--- Data provided Enclosed Below ---
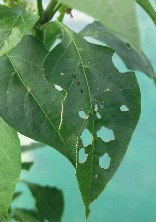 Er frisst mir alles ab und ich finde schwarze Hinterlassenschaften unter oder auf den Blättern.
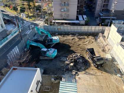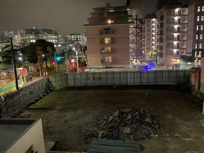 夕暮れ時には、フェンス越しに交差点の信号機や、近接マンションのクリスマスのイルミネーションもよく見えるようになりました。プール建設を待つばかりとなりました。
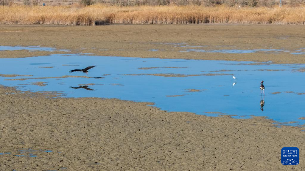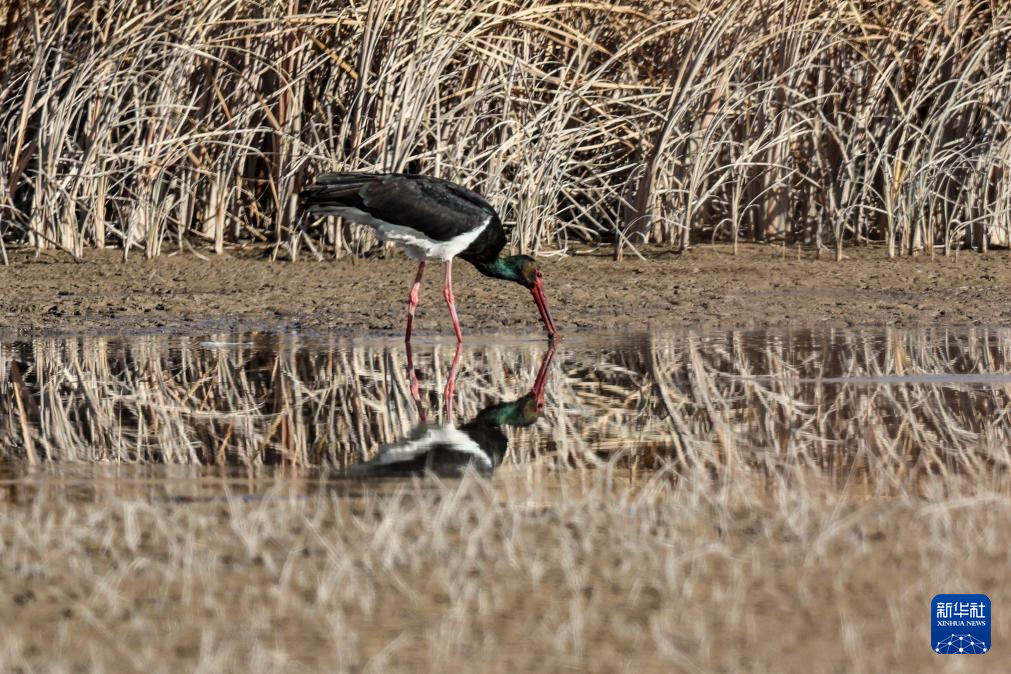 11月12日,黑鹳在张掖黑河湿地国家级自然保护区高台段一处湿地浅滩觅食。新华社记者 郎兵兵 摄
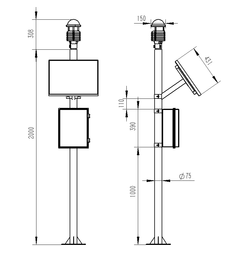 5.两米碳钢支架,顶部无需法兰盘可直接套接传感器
--- End of Enclosed Data provided ---
--- Data provided Enclosed Below ---
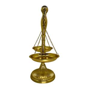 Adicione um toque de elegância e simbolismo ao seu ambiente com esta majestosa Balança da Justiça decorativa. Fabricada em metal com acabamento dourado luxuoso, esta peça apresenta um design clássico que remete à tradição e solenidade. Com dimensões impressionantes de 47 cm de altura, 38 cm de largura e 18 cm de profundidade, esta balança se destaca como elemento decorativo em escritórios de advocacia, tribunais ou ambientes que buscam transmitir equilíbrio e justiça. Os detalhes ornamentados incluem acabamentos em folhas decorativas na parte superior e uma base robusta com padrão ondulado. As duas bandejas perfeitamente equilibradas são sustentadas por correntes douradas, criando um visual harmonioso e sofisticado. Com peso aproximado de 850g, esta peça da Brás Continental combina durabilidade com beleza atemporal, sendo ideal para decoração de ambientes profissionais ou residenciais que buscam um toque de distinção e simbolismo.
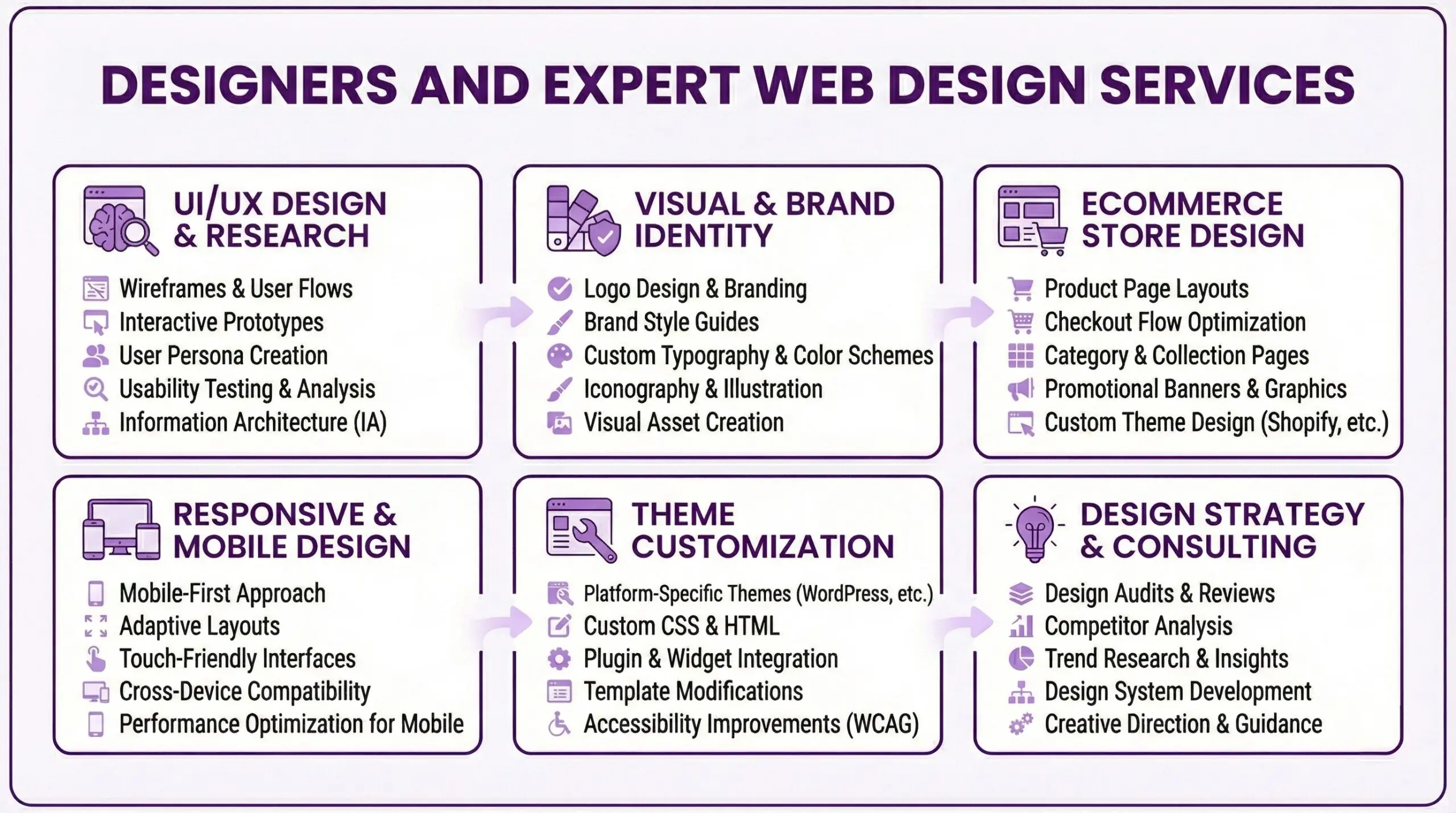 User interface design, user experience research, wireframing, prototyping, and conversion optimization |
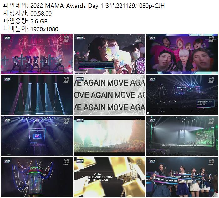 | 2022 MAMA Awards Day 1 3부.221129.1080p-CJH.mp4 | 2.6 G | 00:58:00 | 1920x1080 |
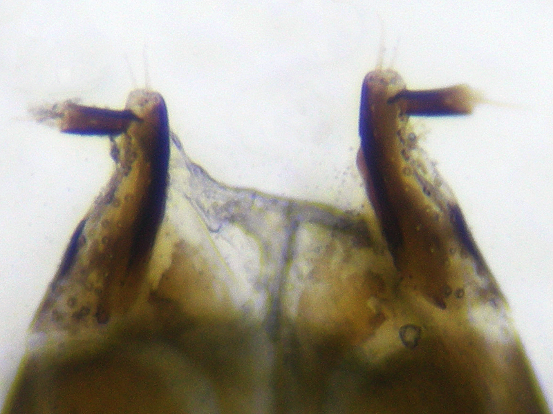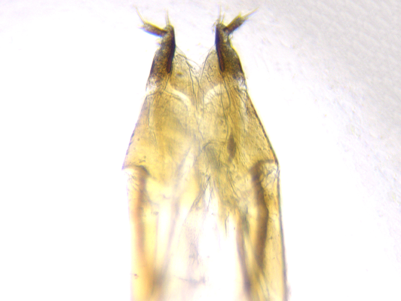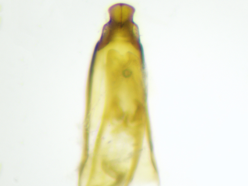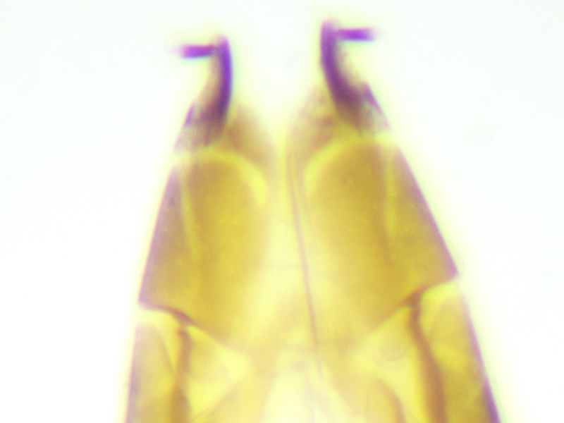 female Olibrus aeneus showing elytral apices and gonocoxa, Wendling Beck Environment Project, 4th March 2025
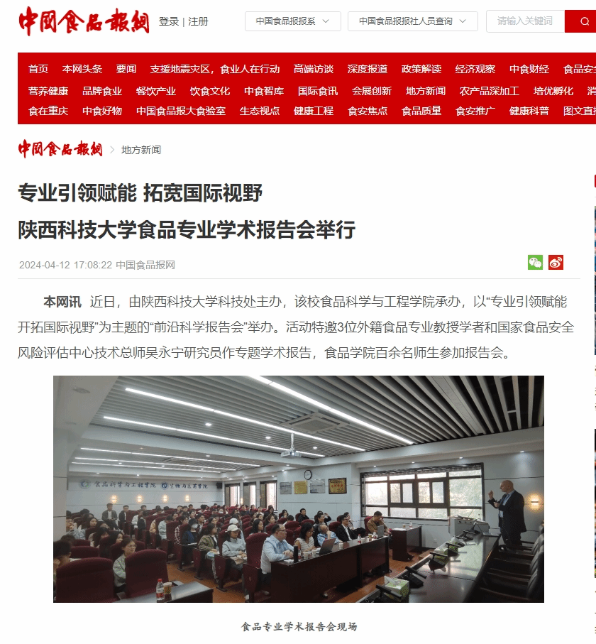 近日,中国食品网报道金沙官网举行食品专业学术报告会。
--- End of Enclosed Data provided ---
● **Task instructions**
For the entries above, print exactly the lines between the one with "Er frisst mir" and the one with "5.两米碳钢支架,顶部无需法兰盘可直接套接传感器", inclusive, with no pictures.

● **Finished exercise**
 Er frisst mir alles ab und ich finde schwarze Hinterlassenschaften unter oder auf den Blättern.
 夕暮れ時には、フェンス越しに交差点の信号機や、近接マンションのクリスマスのイルミネーションもよく見えるようになりました。プール建設を待つばかりとなりました。
 11月12日,黑鹳在张掖黑河湿地国家级自然保护区高台段一处湿地浅滩觅食。新华社记者 郎兵兵 摄
 5.两米碳钢支架,顶部无需法兰盘可直接套接传感器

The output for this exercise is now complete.